Can we break out work to be done into digestible chunks while taking bulk action?
Map

I led the team through a mapping activity to outline what the individual steps and tasks the user would take to get to the goal. The map would help me begin to identify what the user journey looks like. I then led the team through a sketching exercise where each participant got to produce a solution sketch to represent an idea for the prototype.

Sketches on paper

Storyboard

Using the solution sketches, I then faciliated a storyboarding activity. The storyboard would tell the user's journey frame by frame, and help define the prototype screens.

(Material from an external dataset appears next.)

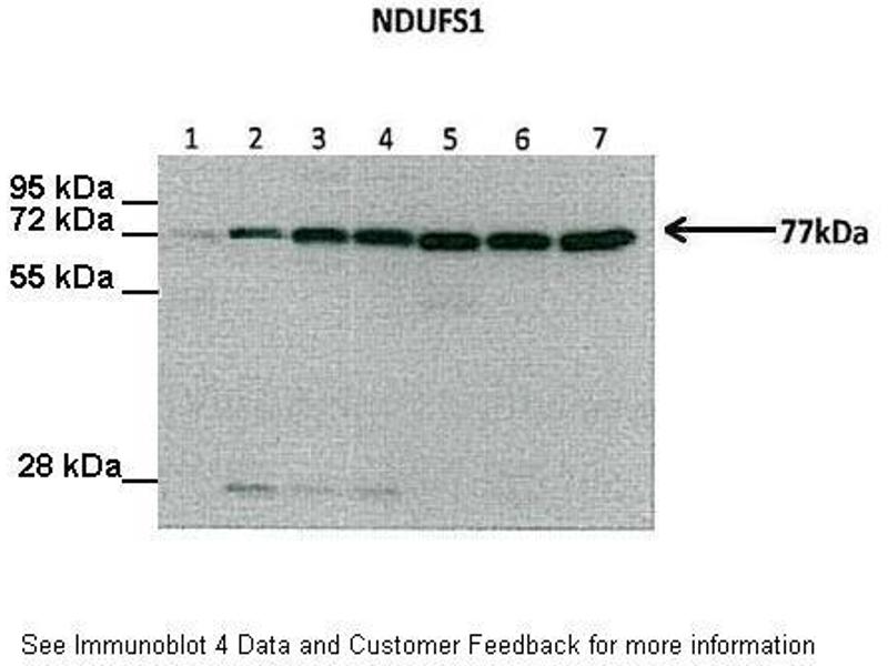 The protein encoded by this gene belongs to the complex I 75 kDa subunit family. Mammalian complex I is composed of 45 different subunits. It locates at the mitochondrial inner membrane. This protein has NADH dehydrogenase activity and oxidoreductase activity. It transfers electrons from NADH to the respiratory chain. The immediate electron acceptor for the enzyme is believed to be ubiquinone. This protein is the largest subunit of complex I and it is a component of the iron-sulfur (IP) fragment of the enzyme. It may form part of the active site crevice where NADH is oxidized. Mutations in this gene are associated with complex I deficiency. Several transcript variants encoding different isoforms have been found for this gene. [provided by RefSeq, Jan 2011].

Whiteboard with a storyboard

Prototype

I developed a prototype based on the storyboard we had written. To rapidly develop the designs for each storyboard frame, I faciliated screens that I and each designer would develop. On prototyping day, we continuously reviewed and shared our progress. I built in interactions and flows connecting each frame to develop an end-to-end prototype for testing. I wrote a testing script and outlined each scenario and tasks, and worked with the User Researcher to further refine the script. Our user researcher ran 5 moderated sessions, and I sat in on each session and took notes.

The following are solutions that resulted from our design sprint.

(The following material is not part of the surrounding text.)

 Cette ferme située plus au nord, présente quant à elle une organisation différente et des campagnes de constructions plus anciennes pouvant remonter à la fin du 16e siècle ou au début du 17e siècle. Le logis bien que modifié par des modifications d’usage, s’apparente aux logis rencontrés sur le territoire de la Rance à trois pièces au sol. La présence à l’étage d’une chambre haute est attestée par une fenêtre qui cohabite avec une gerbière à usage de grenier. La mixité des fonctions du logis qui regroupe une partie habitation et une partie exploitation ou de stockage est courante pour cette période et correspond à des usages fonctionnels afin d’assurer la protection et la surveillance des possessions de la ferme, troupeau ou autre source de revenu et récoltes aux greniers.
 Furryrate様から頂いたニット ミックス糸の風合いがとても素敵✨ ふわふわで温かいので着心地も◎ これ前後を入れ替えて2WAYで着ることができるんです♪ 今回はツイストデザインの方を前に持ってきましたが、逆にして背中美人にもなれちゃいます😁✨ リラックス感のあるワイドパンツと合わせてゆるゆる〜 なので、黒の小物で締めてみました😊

mockup showing actions to review
Quick Actions - users can take the correct action to secure their risk

mockup of a list of risks
Risk Lifecycle Tabs - users can see how many current risks they have, and how many risks that have successfully remediated

Define Scope

Coming out of our design sprint, I recognized the prototype was a little idealistic. I worked with the Product Manager and architects to align on what was feasible for us to build. We ended up identifying ‘chunks’ (or what later became the epics) that we could iteratively build on to ultimately help us achieve the end-goal we had defined in our design sprint. We aligned on the scope for the project, decreasing some of the capabilities we had introducing during the design sprint.

Align

We aligned on the scope for the first epic of the project to release. It was important for us as a team to understand what was reasonable for us to build and what our limitations were. With this first release, we focused on building out the remediation actions users could take and making the actions available on the UI. This would help us build the foundation for the experience of presenting ‘suggested actions’ we had designed in our design sprint.

Refine Designs

I refined the designs now that our scope was defined and mapped out the sad-paths and edge cases for the flow.

Task Flow of risk lifecycle

PLAN & BUILD

As I began planning the work with the engineering team, the team was still uncovering large amounts of work they would have to do. I collaborated with the team (product manager and engineers) to slice up the work up a little bit more to really focus on what we needed to solve for.

To develop the user stories, I led the team through a user story mapping session to clearly identify what they needed from me or to understand. I then helped write out acceptance criteria and prepared design deliverables for the the team.

user story map
Our User Story Map we developed from planning sessions

THE RESULTS

bettercloud problem

Quick Action on a risk

Lessen the cognitive load on the user when choosing an action. Surface the right action a user needs to take in order to move the risk into ‘Secured’

bettercloud problem

Universal action properties across applications

Users can easily configure the action properties, regardless of type of asset or application selected.

bettercloud problem

Risk lifecycle

Allow users to audit their activity at all time by viewing status of a risk, and when it was moved into the Secured status.